» Your goal
From the first line to the last, copy the material exactly and leave the pictures out.

» Given data
*** Begin section ***

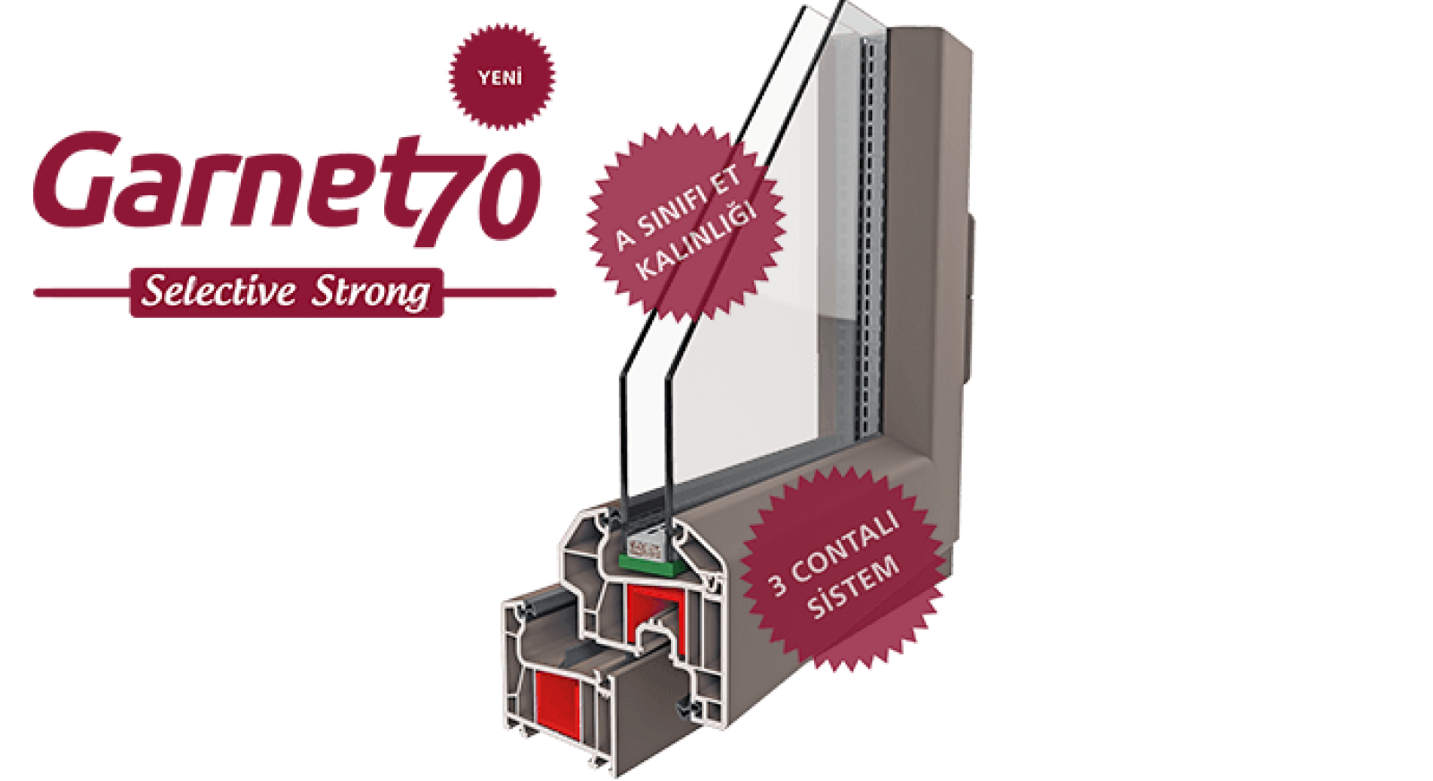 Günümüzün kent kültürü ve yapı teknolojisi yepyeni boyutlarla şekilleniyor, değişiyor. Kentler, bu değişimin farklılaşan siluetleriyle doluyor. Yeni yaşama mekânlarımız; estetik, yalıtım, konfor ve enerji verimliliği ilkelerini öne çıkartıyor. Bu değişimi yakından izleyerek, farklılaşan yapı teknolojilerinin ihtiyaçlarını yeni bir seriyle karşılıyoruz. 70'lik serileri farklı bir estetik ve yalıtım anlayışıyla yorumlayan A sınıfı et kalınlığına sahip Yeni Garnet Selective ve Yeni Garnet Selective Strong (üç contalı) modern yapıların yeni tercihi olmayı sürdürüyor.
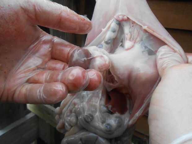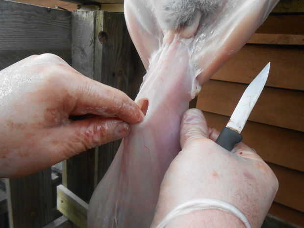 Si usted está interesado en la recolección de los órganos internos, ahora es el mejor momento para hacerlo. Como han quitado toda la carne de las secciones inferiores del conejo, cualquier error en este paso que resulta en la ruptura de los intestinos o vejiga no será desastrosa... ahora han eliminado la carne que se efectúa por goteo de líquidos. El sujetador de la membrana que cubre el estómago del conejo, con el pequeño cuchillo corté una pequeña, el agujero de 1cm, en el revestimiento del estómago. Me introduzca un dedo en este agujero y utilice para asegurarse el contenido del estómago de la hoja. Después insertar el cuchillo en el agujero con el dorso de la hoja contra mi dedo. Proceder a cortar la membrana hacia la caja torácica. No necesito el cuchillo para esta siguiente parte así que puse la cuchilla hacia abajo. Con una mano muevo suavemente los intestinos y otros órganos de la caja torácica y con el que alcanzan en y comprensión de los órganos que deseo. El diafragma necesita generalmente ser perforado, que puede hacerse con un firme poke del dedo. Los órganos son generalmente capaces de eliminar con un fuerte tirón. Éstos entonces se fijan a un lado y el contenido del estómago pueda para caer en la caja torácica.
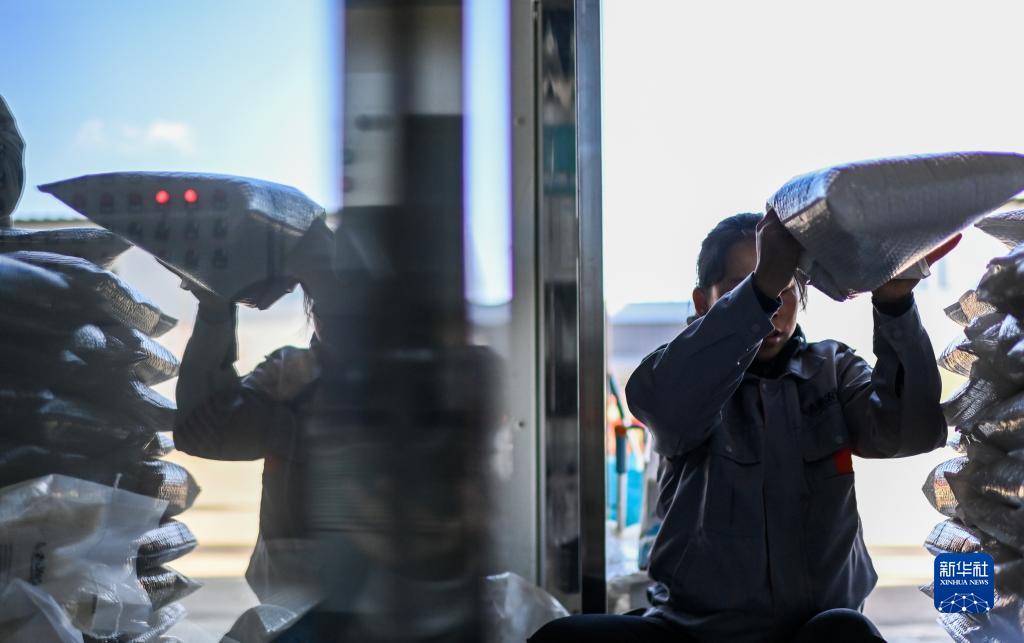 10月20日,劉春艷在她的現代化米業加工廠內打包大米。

*** End section ***

» Solution for this task
 Günümüzün kent kültürü ve yapı teknolojisi yepyeni boyutlarla şekilleniyor, değişiyor. Kentler, bu değişimin farklılaşan siluetleriyle doluyor. Yeni yaşama mekânlarımız; estetik, yalıtım, konfor ve enerji verimliliği ilkelerini öne çıkartıyor. Bu değişimi yakından izleyerek, farklılaşan yapı teknolojilerinin ihtiyaçlarını yeni bir seriyle karşılıyoruz. 70'lik serileri farklı bir estetik ve yalıtım anlayışıyla yorumlayan A sınıfı et kalınlığına sahip Yeni Garnet Selective ve Yeni Garnet Selective Strong (üç contalı) modern yapıların yeni tercihi olmayı sürdürüyor.
 Si usted está interesado en la recolección de los órganos internos, ahora es el mejor momento para hacerlo. Como han quitado toda la carne de las secciones inferiores del conejo, cualquier error en este paso que resulta en la ruptura de los intestinos o vejiga no será desastrosa... ahora han eliminado la carne que se efectúa por goteo de líquidos. El sujetador de la membrana que cubre el estómago del conejo, con el pequeño cuchillo corté una pequeña, el agujero de 1cm, en el revestimiento del estómago. Me introduzca un dedo en este agujero y utilice para asegurarse el contenido del estómago de la hoja. Después insertar el cuchillo en el agujero con el dorso de la hoja contra mi dedo. Proceder a cortar la membrana hacia la caja torácica. No necesito el cuchillo para esta siguiente parte así que puse la cuchilla hacia abajo. Con una mano muevo suavemente los intestinos y otros órganos de la caja torácica y con el que alcanzan en y comprensión de los órganos que deseo. El diafragma necesita generalmente ser perforado, que puede hacerse con un firme poke del dedo. Los órganos son generalmente capaces de eliminar con un fuerte tirón. Éstos entonces se fijan a un lado y el contenido del estómago pueda para caer en la caja torácica.
 10月20日,劉春艷在她的現代化米業加工廠內打包大米。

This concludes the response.